C.W.
I would definately sue! It is principle!!! He has to know that you are NOT going to put up with his games.
My soon to be ex reneged on an agreement to split the tax return 50-50. He gave me what he wanted me to have out of the Federal and kept the State. I am told I am enttiled to half of the return. Also, he used my house deductions, I gave up my livelihood when we became pregnant. He was the only income BUT NoT for the full year.
I am considering a small claims (**there is a FILING fee based on the dollar amount of the case which is about $100. I will not use an attorney as we will be heard before a clerk magistrate who will decide on the spot.**)
Let me explain why I'm filing the claim and be clear. He is playing games with the CS now that it is court ordered. Since it's been ordered he's gone in arrears twice in less than 3 months. when he was served for contempt, he paid the next day, but I had to draw down from an emergency fund to cover bills and our child's school expense.
So, I honestly feel, I've been too lenient and reasonable and really want him to make good on the tax return. I spoke to an attorney and was told I have a valid claim. It's about $4000 which I could really use because the job search is slow and the temp pool is dry.

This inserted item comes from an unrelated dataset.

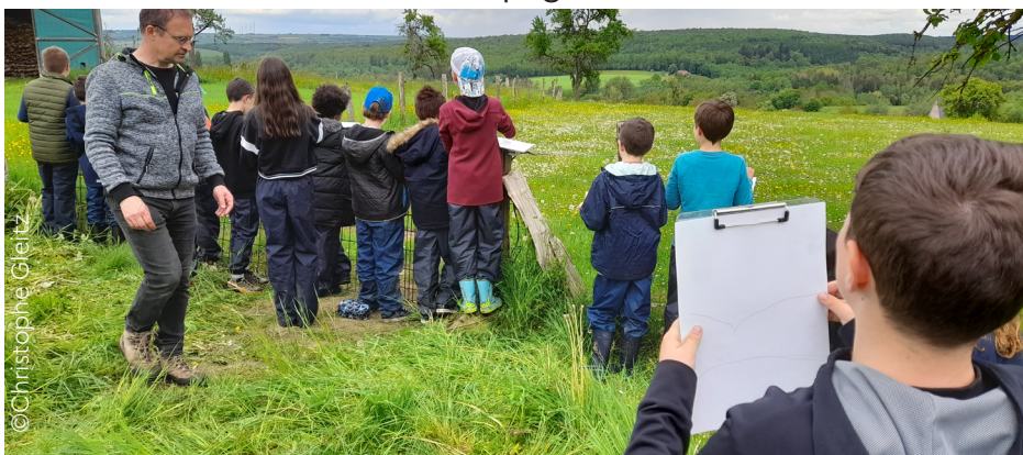
Lecture de paysages à proximité du village, avec les élèves de cycle 3 de l'école de Waldhambach.
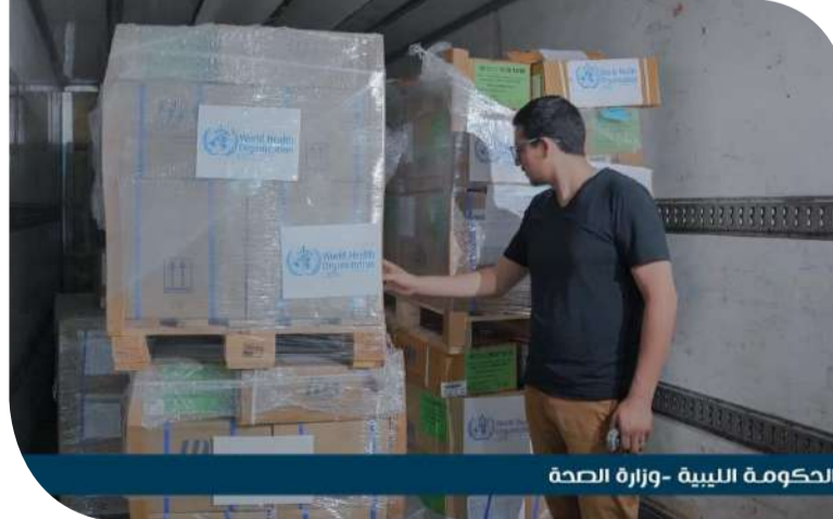
الحكومة الليبية - وزارة الصحة

أرسلت وزارة الصحة بالحكومة الليبية يوم أمس الأحد، شحنة إمدادات طبية؛ لمساعدة أهالي مدينة غات وضواحيها المتضررين من السيول والفيضانات. وتشمل الشحنة - التي تم نقلها عبر مطار بنينا - معدات وإمدادات طبية أساسية، بالإضافة إلى أدوية ضرورية، وذلك في إطار تعزيز قدرات النظام الصحي في المنطقة الجنوبية الغربية لمواجهة الظروف الصحية الطارئة. وأكدت وزارة الصحة في بيان لها، التزامها بتقديم خدمات الرعاية الصحية الكاملة في المنطقة، مع الحرص على توفير الدعم اللازم لضمان حصول جميع المواطنين على الخدمات الطبية المطلوبة.

When I return to work and get stability, the CS enforcers can pursue him, I won't invest the energy. but now I have to because my emergency fund can only carry me through the end of the year, if that.

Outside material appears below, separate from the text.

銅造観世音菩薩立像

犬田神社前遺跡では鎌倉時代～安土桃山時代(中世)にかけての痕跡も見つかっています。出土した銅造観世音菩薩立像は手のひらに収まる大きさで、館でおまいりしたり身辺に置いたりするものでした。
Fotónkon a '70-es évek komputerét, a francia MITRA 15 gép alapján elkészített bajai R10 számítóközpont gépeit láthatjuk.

What are your thoughts about picking this battle?
Thanks all for the feedback.
It was a JOINT return.
I learned that small claims court is NOT the route. The return funds for state/federal are considered marital property so I can present the matter when we go for the final divorce hearing in a few months!
Again, thanks!
I would definately sue! It is principle!!! He has to know that you are NOT going to put up with his games.
I agree with S.H. He needs to be held accountable and $4000 is $4000. Can you include his paying the legal fees for this as well? If you don't put your foot down now and make him do what he's supposed to you're going to be fighting this fight for a LONG time. He proved that when he didn't pay child support until he was served for contempt.
Good luck to you.
Take his A$$ to court! This is YOUR money take the dirtbag down and enjoy every second! You go girl!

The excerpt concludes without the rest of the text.